Edmund Charles Rawlings JP (11 December 1854 – 17 December 1917),[1] was a British solicitor, a Liberal Party politician, and a prominent Primitive Methodist. He served as mayor of Hammersmith.
Rawlings was born on 11 December 1854 at Wallingford, Oxfordshire to parents Edmund Rawlings (a Primitive Methodist minister) and Susannah Cock. He moved to London aged 14, becoming a solicitor in 1879 and forming a partnership in the City of London at Walbrook with Mr S Alford Butt (also the son of a Primitive Methodist minister).[1] He married Amy Yates (1857-1914) in 1879 at Wilton, Wiltshire, and they had three children.
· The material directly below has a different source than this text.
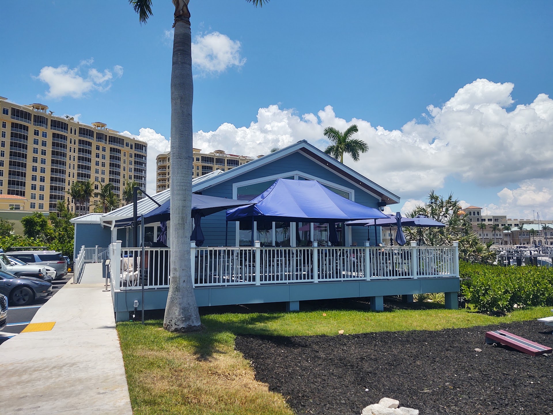 Read moreSuperb experience from start to finish! We got there early for lunch, about 11:20am, so there was plenty of parking. However, there is also overflow parking across the street. We were greeted enthusiastically by the charming host who promptly seated us outside (our choice) at a table that overlooked both the Marina and Bight with beautiful landscaping surrounding us. 3 outdoor fans were spinning at a comfortable speed above us successfully keeping the heat at bay. The waitress promptly provided us with a cold bottle of water for the table which we poured in the nautical blue glasses which matched the sharing plates already placed on the table... Nice touch! There are plenty of choices on the menu, including a great selection of local draft beers (blueberry wheat, hazy IPA) and craft beers... All served quickly and cold considering it was 90 degrees and very humid. We all ordered sandwiches which all came with a side... I ordered the Cubano (only because I have not had one in a while), my friend ordered the Reuben and my other friend ordered the fried Grouper. They were all delivered quickly and presented tastefully... and tasted great! Our server, Amber, was passionate, friendly and was able to answer all of our questions from food recommendations to "what kind of tree is that?" Lastly, the restaurant itself has a charming upscale nautical feel with potted plants and lanterns adorning the outdoor steps and wood planking, blue walls with white trim accenting the outdoor space. Once the weather cools, you can see that the doors will slide open creating the ultimate in al fresco Florida dining. Since we live within biking distance, I can see this becoming a new favorite dining destination! Highly recommend for an all around superb dining experience! Can't wait to come back and...

He died on 17 December 1917 in Ealing.[1]
In October 1900 Rawlings contested the UK General Election as Liberal candidate for Islington North.[2]
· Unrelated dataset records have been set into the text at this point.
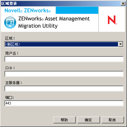 选择区域字段显示迁移目标,即 ZENworks 10 Configuration Management 的管理区域。单击字段右侧的按钮可打开区域登录对话框,您可在此处选择目标数据库。
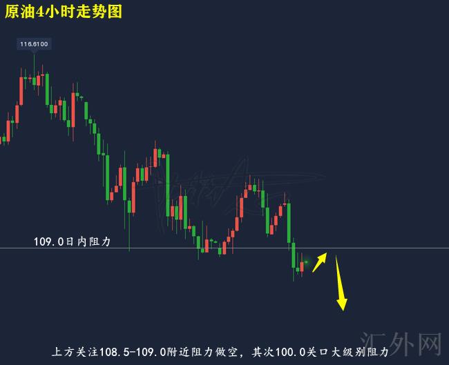 WTI原油星期三(4月6号)早盘开盘之出开盘上升,呈迟缓上涨;欧市盘中,原油扩暴升幅,创下日间高点103.97美元每桶,但仅刷新日间高点后立刻展开回调;直至美盘,在各大是有需求国表明将放出石油储备以应付提供紧俏,以及美联储的鹰派会议纪要提升美元,原油遇阻扩暴降幅,失守96.0关键点位位置,创下日间低点95.784美元每桶,截至收盘,原油自日间低点适当回涨,收盘在96.96美元每桶。
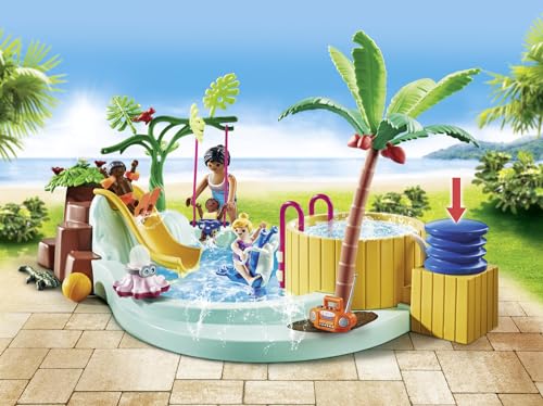 Linksmybės vandenyje: visos šeimos laukia smagi ir nepamirštamų įspūdžių kupina diena! Vaikai gali pramogauti baseine ant bangų čiuožyklos, mažylių sūpynės ir spyruoklinės sūpynės, o suaugusieji atsipalaiduoja jaukioje sūkurinėje vonioje

In November 1900 he was elected a Hammersmith Borough Councillor at Hammersmith's first borough council elections. He was later appointed an Alderman of the borough council. He also served as Mayor of Hammersmith from 1906-07.[3]
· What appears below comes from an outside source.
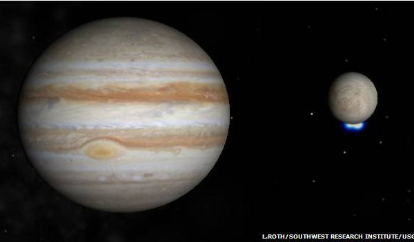 Imágenes captadas por el telescopio espacial Hubble muestran lo que parecen ser chorros de vapor de agua que surgen a través de la corteza de Europa, un signo de que en la luna podrían estar dadas las condiciones para la existencia de pequeños organismos.

He stood several times for election to the London County Council as a Progressive candidate, without success. In 1895 and 1901 he contested Hammersmith. In 1910 he contested the City of London. Rawlings took an active part in the relief of the unemployed and assistance of cripples. He also served as a Justice of the Peace for the County of London.
Rawlings was prominently involved with the Primitive Methodist movement, serving as vice-president and addressing its June 1905 conference in Scarborough.[4] He wrote two PM publications: the Free Churchman's Legal Handbook, and (with a Dr Townsend) the Free Churchman’s Guide to the Education Act of 1902.